Highly available database clusters: Repair with large segments
MetadataShow full item record
The goal for this master thesis is finding trends and behaviors in a highly available database cluster using InfiniBand and RDMA. This will be used to optimize configuration of the segment size in such systems. To find these trends and behaviors, a mockup model has been developed. The model consists of a simple DBMS that uses only the main memory for storing data and a checkpoint method to repair nodes after a node failure. During a repair, the model simulates use of InfiniBand and RDMA during checkpointing. To simulate clients connecting to and using the database, the model includes write operations on the database and measures how many write operations it can process per second. During a repair in a database cluster, one node will flush all of its data to a new node. This is done in small batches, just like in a checkpoint. In this model, it is simulated by a checkpoint module continuously simulating flushing data from one node to another. When the checkpoint is flushing a small part of the database fragment, the model uses Copy on Write to prevent lockout for the transactions. When a node fails the system is repaired by a second node which takes over as fast as possible. The second node must process transactions while transferring all of its data to a spare node.

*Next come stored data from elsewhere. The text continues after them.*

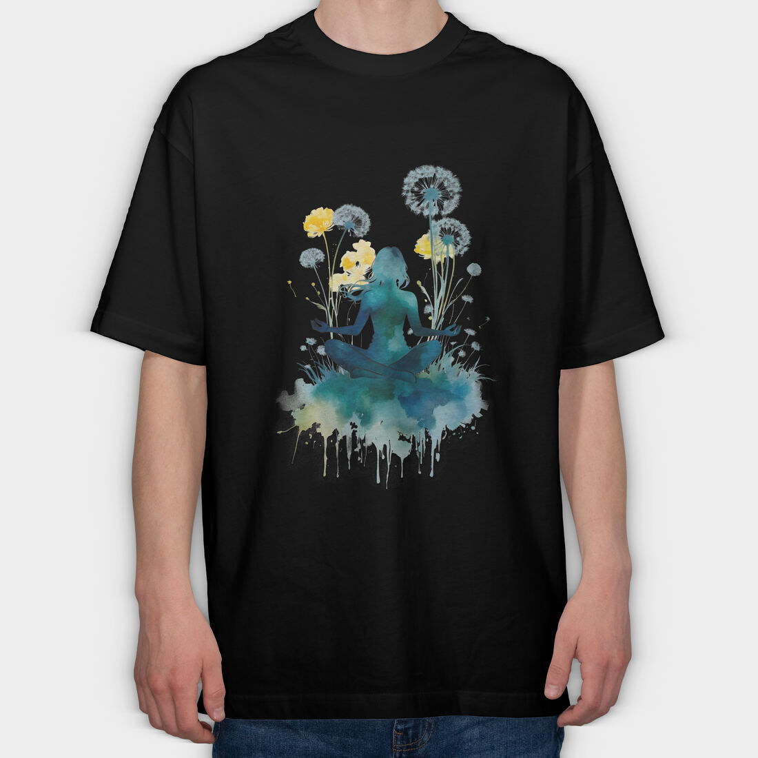 Watercolor Yoga And Meditation Dandelion, Tricou Oversize Barbati (Unisex)
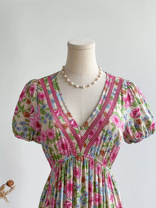 BLUE/MUSTARD PRINT VINTAGE DRESS SZ 6 (FITS 8/10)
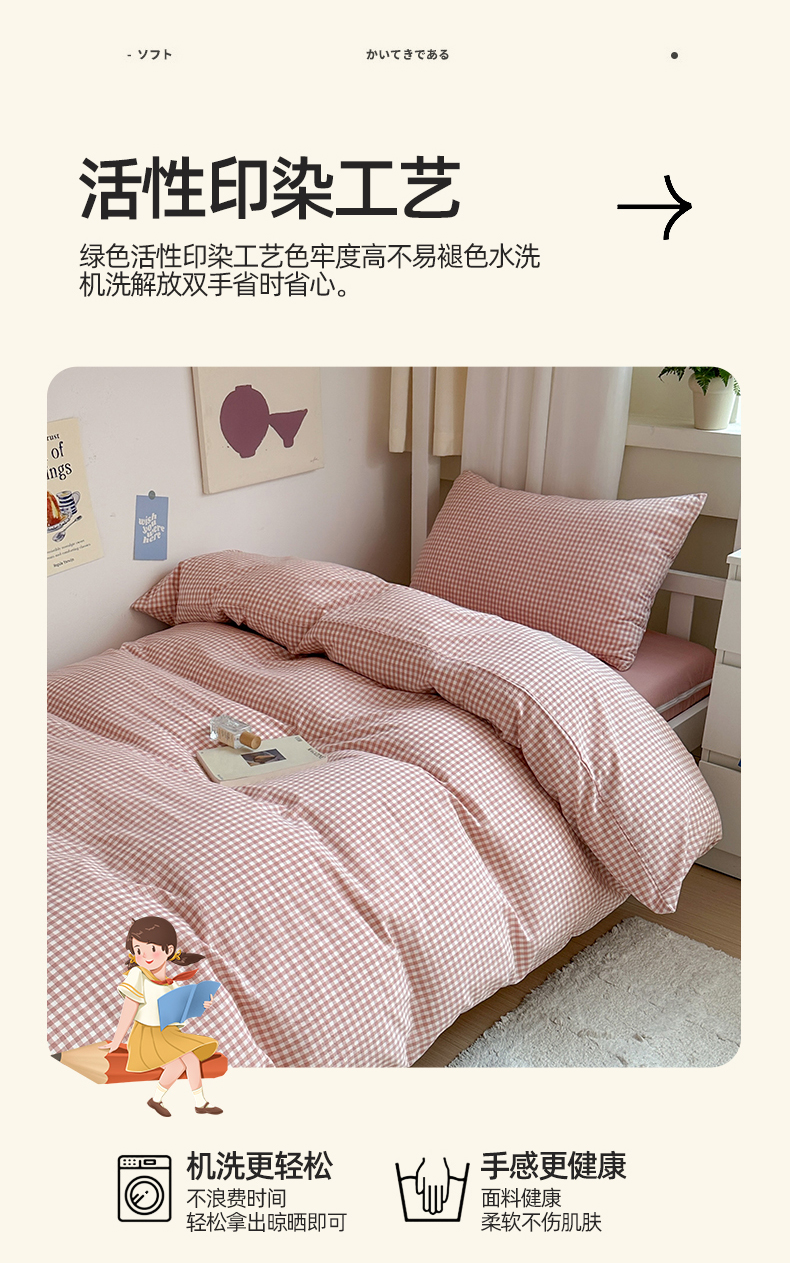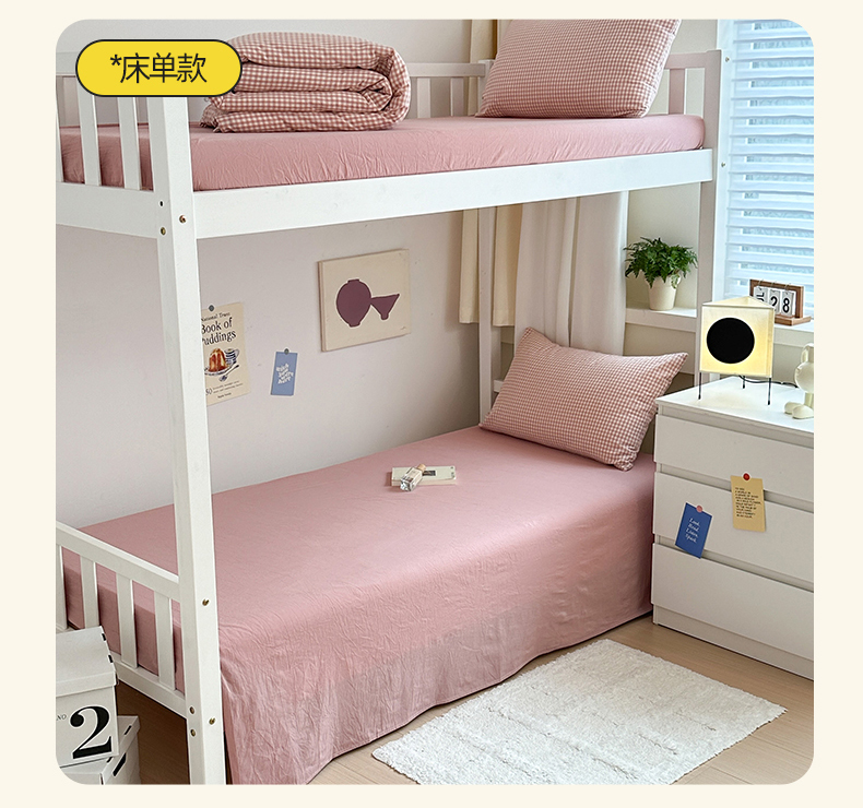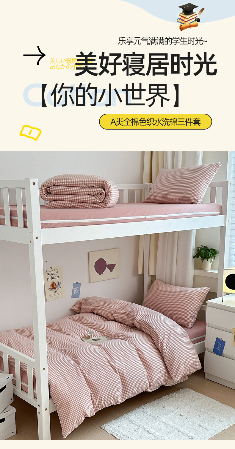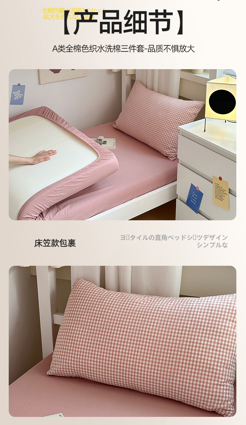 当前位置: 91家纺网 > 商品网购 > 床品套件 > 三件套 > 北欧良品 2024新款A类全棉色织水洗棉学生三件套 小小格粉
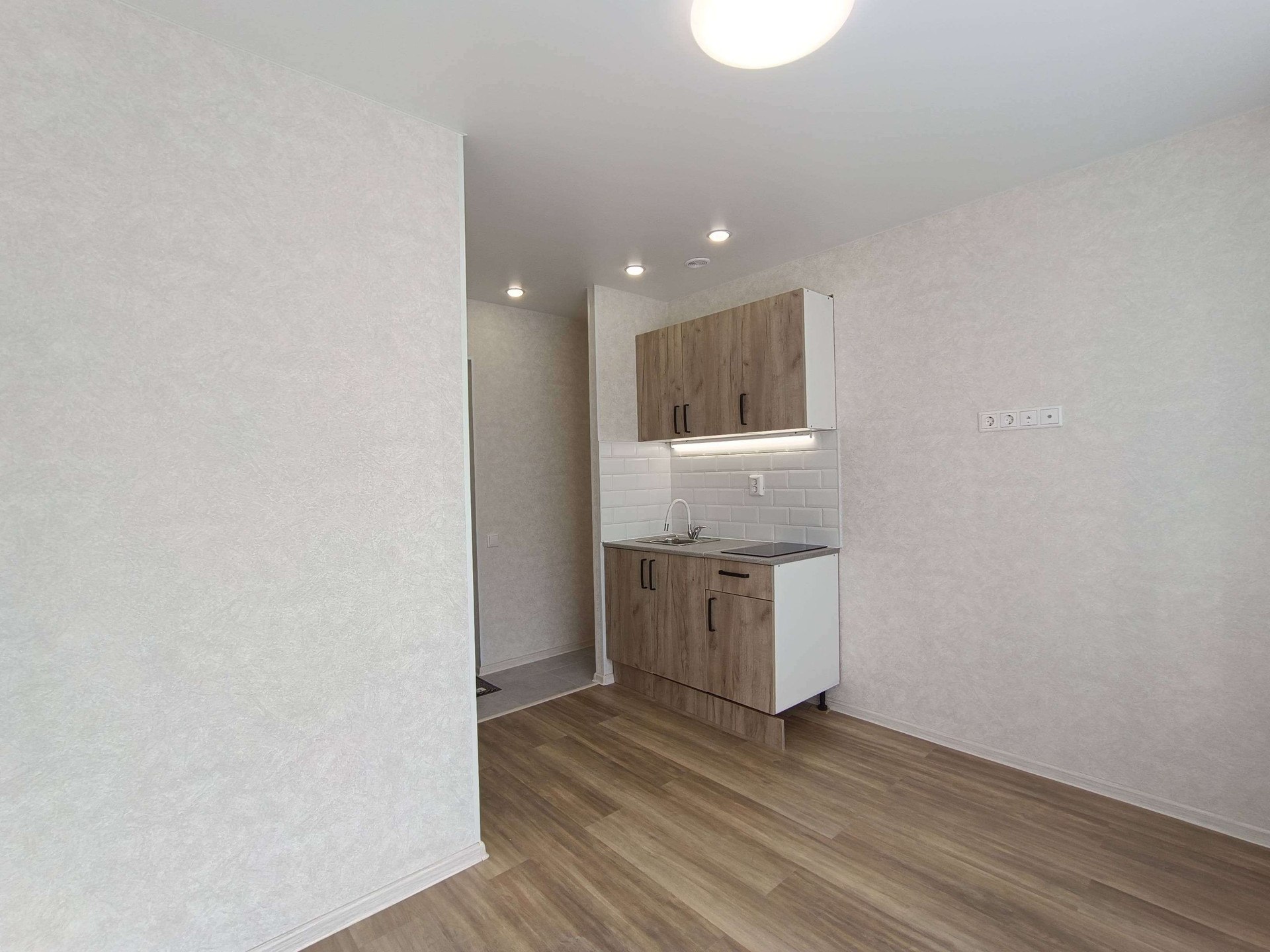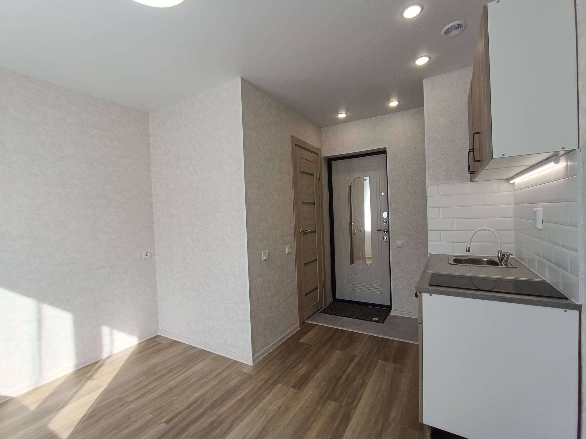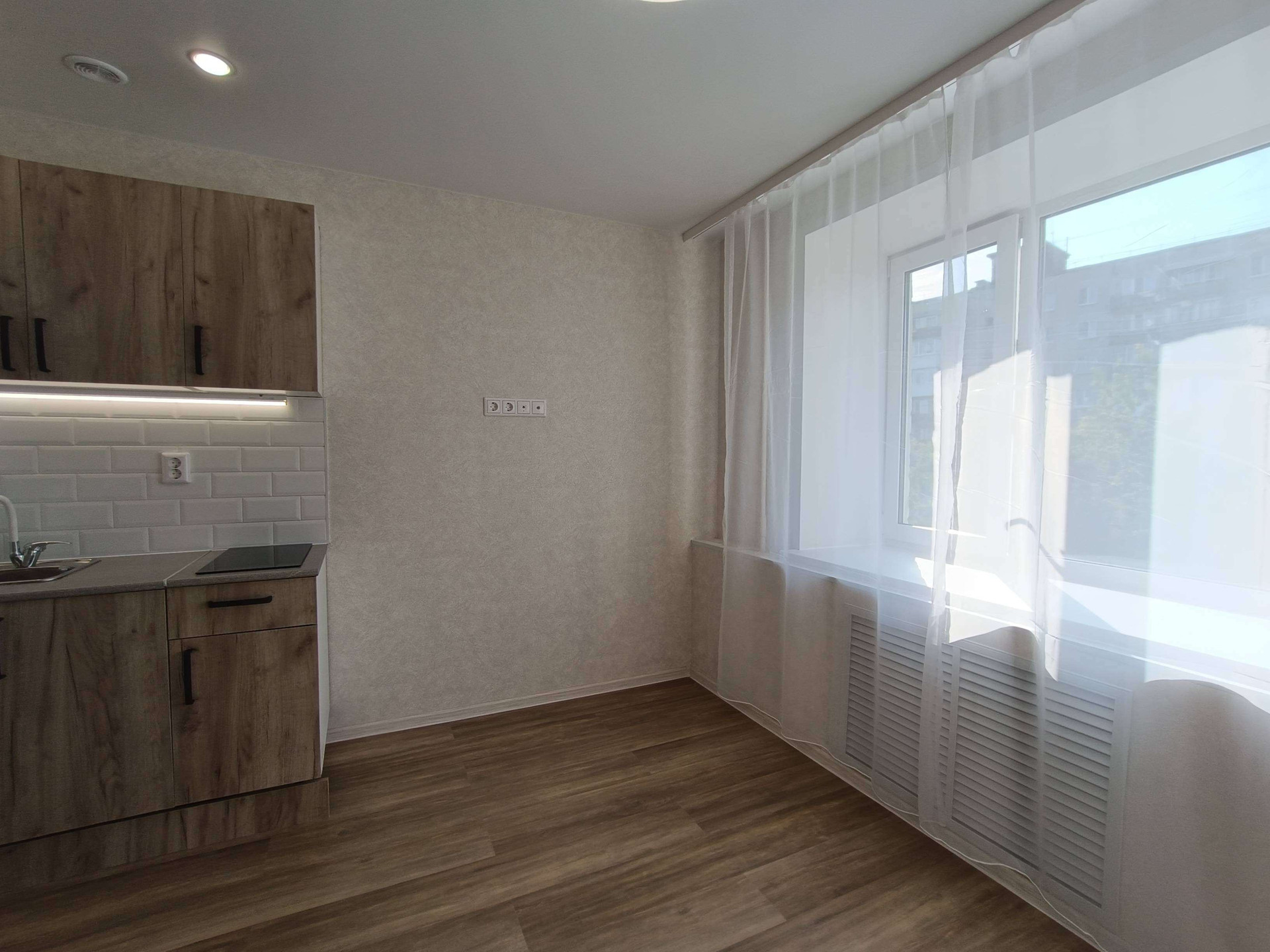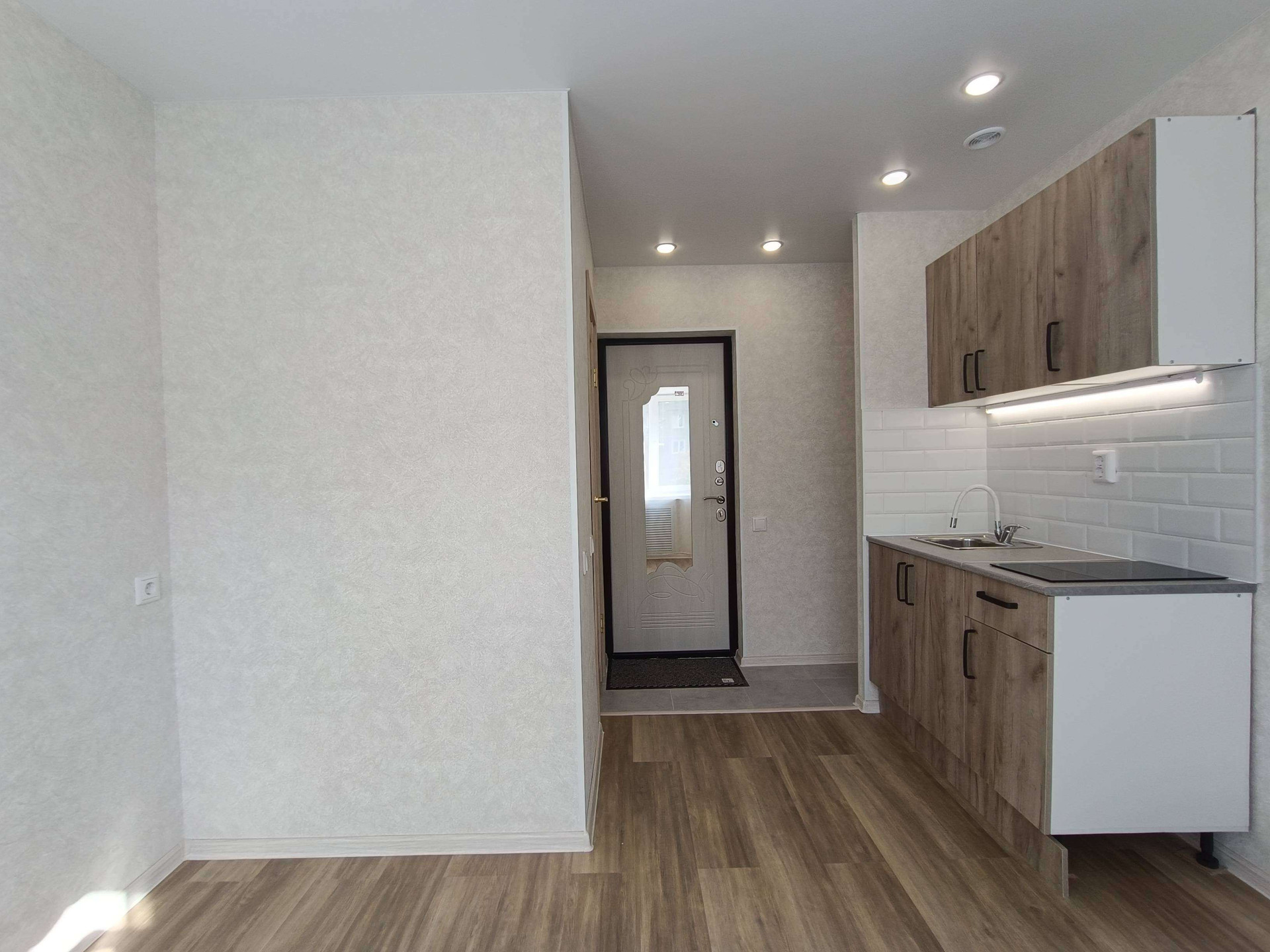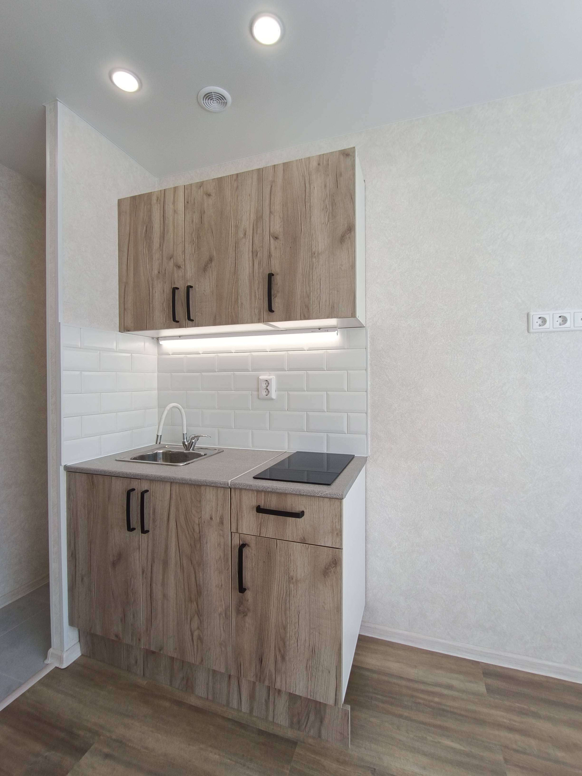 Выделена кухонная зона, куда установлен новый, встроенный кухонный гарнитур с варочной поверхностью и подсветкой.

To achieve fast repair time, the system should transfer as big segments as possible. The problem with big segments is that it takes a long time to perform Copy on Write on them. With the mockup model, the repair time is measured, how many write operations are being performed per second and CPU usage depending on the segment size and number of clients using the database. This will give a good indication of what segment size is preferable. The results from the thesis show that there are huge advantages by using state-of-the-art technology such as InfiniBand and RDMA for repair in highly available database clusters. This technology and optimal configuration improves the availability and this thesis gives an indication that the segment size should not be more than 1 % of the database size. With use of InfiniBand and RDMA using this configuration and physical repair, the availability reaches class 9.